--- Your instructions ---
The answer must be only the lines below from the one holding "VINTAGE 14 BUTTONS" down to the one holding "Le livre 3.", ends included, printed exactly; please omit all pictures.

--- Extracted data ---
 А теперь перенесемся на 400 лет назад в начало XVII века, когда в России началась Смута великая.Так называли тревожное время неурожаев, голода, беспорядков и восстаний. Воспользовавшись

...

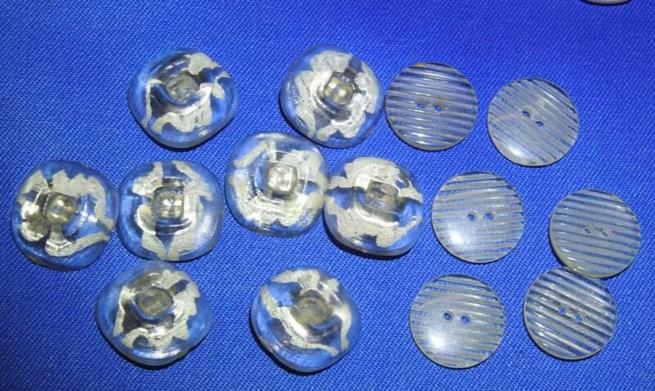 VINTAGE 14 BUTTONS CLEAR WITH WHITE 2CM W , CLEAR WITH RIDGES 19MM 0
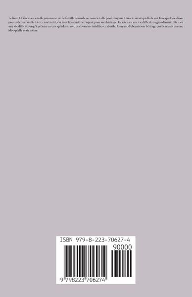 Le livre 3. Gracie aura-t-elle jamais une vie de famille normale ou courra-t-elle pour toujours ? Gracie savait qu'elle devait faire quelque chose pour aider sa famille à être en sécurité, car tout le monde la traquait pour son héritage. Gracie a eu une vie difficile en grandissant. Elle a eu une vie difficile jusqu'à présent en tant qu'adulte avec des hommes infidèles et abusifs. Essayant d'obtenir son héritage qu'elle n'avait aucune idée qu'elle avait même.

---

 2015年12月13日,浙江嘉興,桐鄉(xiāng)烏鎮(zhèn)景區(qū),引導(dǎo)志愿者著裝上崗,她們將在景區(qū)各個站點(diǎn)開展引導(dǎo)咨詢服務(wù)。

--- Expected answer ---
 VINTAGE 14 BUTTONS CLEAR WITH WHITE 2CM W , CLEAR WITH RIDGES 19MM 0
 Le livre 3. Gracie aura-t-elle jamais une vie de famille normale ou courra-t-elle pour toujours ? Gracie savait qu'elle devait faire quelque chose pour aider sa famille à être en sécurité, car tout le monde la traquait pour son héritage. Gracie a eu une vie difficile en grandissant. Elle a eu une vie difficile jusqu'à présent en tant qu'adulte avec des hommes infidèles et abusifs. Essayant d'obtenir son héritage qu'elle n'avait aucune idée qu'elle avait même.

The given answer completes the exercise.